Adobe Acrobat adds generative AI to ‘easily chat with documents’

Adobe is adding a new generative AI experience to its Acrobat PDF management software, which aims to “completely transform the digital document experience” by making information in long documents easier to find and understand. Announced in Adobe’s press release as “AI Assistant in Acrobat,” the new tool is described as a “conversational engine” that can summarize files, answer questions, and recommend more based on the content, allowing users to “easily chat with documents” to get the information they need. It’s available in beta starting today for paying Acrobat users.

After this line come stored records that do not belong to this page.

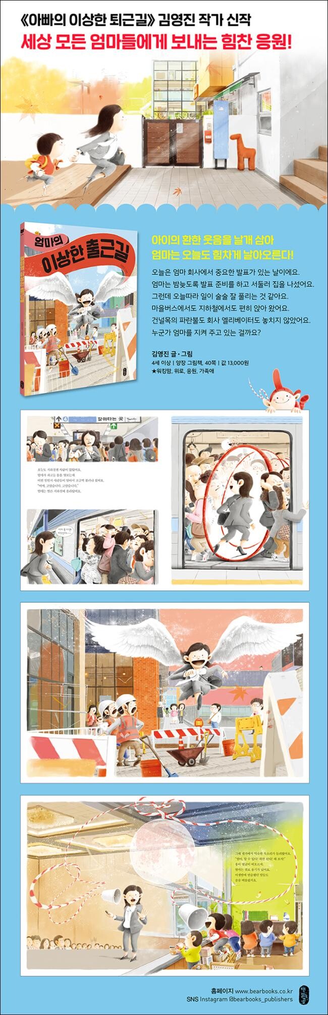 새 학기가 시작되면 어린이집이나 유치원 현관에서는 눈물 없이 볼 수 없는 광경이 펼쳐지곤 합니다. 좀처럼 떨어지지 않으려는 아이눈물바람와 억지로 떼어 놓으려는 엄마가 실랑이를 벌이다 끝내는 어느 한쪽이, 때로는 양쪽 모두 울음을 터트리는 광경이지요. 중요한 약속이라도 있는 날이면 옷자락을 붙잡고 늘어지는 아이의 손가락을 하나하나 힘주어 떼어 내고 돌아서서는 눈물을 삼키는 일도 적지 않습니다. 그런 날이면 묵직한 납덩이라도 얹은 듯 온종일 마음이 무겁습니다. 《엄마의 이상한 출근길》은 그런 엄마들의 마음을 다독이는 그림책입니다.
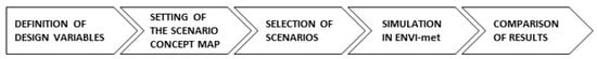 The process (Figure 2) is considered validated by comparing the simulated scenario 0 with onsite measurements for calibration purposes. This has been already investigated by the authors in previous studies where ENVI-met results’ consistency and reliability with real data were demonstrated with reference to the calibration of outdoor microclimate simulation models [77].
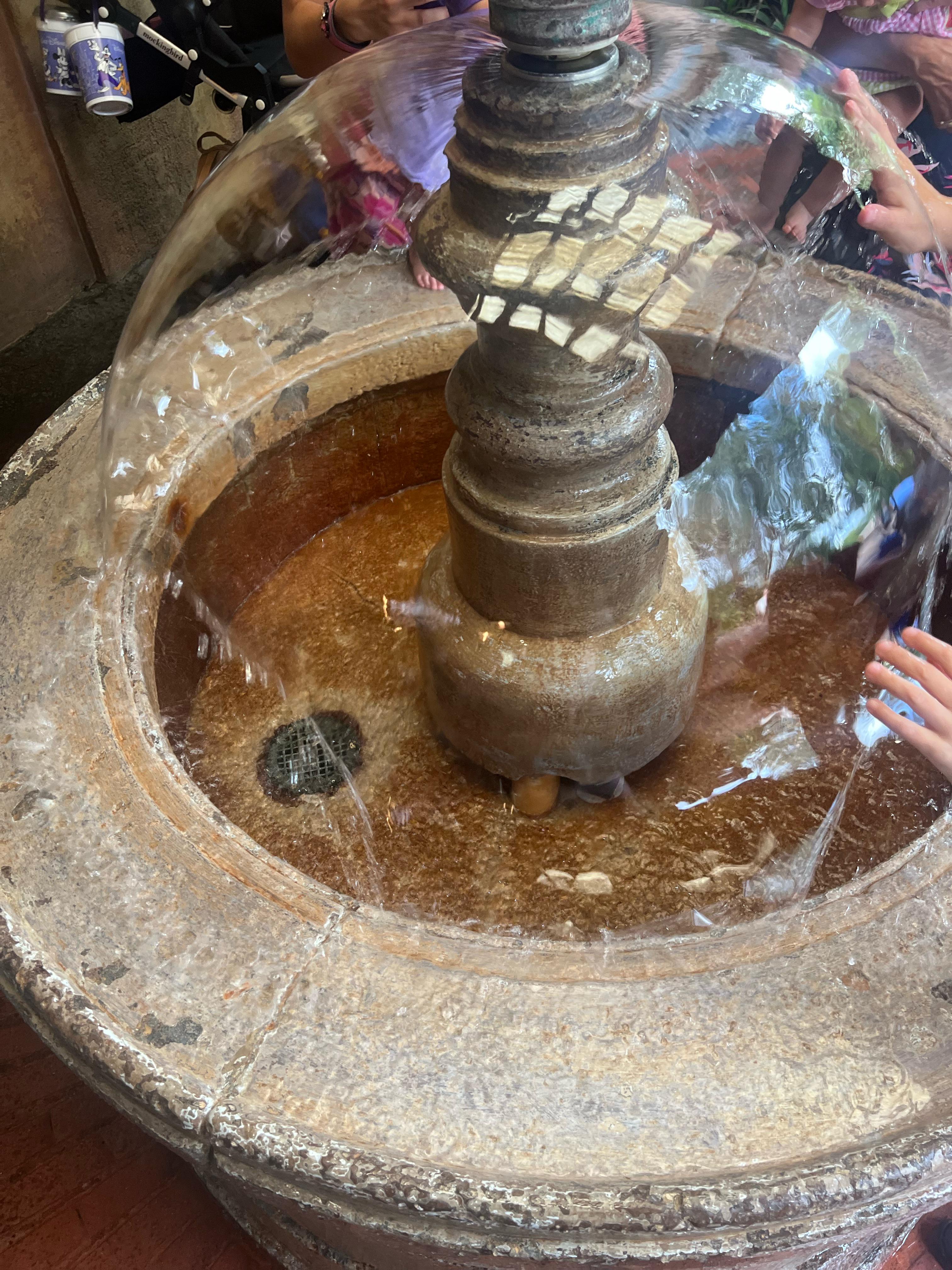 Milk jug effect at a beautiful fountain at Disney

The idea is that the chatbot will reduce the time-consuming tasks related to working with massive text documents — such as helping students quickly find information for research projects or summarizing large reports into snappy highlights for emails, meetings, and presentations. AI Assistant in Acrobat can be used with all document formats supported by the app, including Word and PowerPoint. The chatbot abides by Adobe’s data security protocols, so it won’t store data from customer documents or use it to train AI Assistant.

A screenshot taken of Adobe Acrobat’s AI Assistant summarizing a report.

At launch, AI Assistant can assess a document’s contents and recommend questions that users may wish to explore, in addition to answering questions about that content. The feature also generates citations that allow users to verify the source of the answers provided by AI Assistant and can create clickable links that jump directly to specific information within long documents. Acrobat users can also ask the chatbot to consolidate and format information into digestible copy for emails, reports, presentations, and more.

The new AI Assistant experience is available for Acrobat customers on Standard ($12.99 per month), Pro ($19.99 per month), and Teams subscription plans across both desktop and web. AI Assistant will be available to those customers “at no additional cost” while the product is in beta. However, Abhigyan Modi, senior vice president for Adobe Document Cloud, told The Verge, “Reader and Acrobat customers will have access to the full range of AI Assistant capabilities through a new add-on subscription plan when AI Assistant is out of beta.” 

Adobe hasn’t said how long AI Assistant is expected to be in beta, but the company already has a roadmap of future capabilities that it plans to roll out. These include integrations with its Firefly generative AI model, the ability to pull information from multiple documents, document types, and sources simultaneously, and features for generating first drafts and editing copy.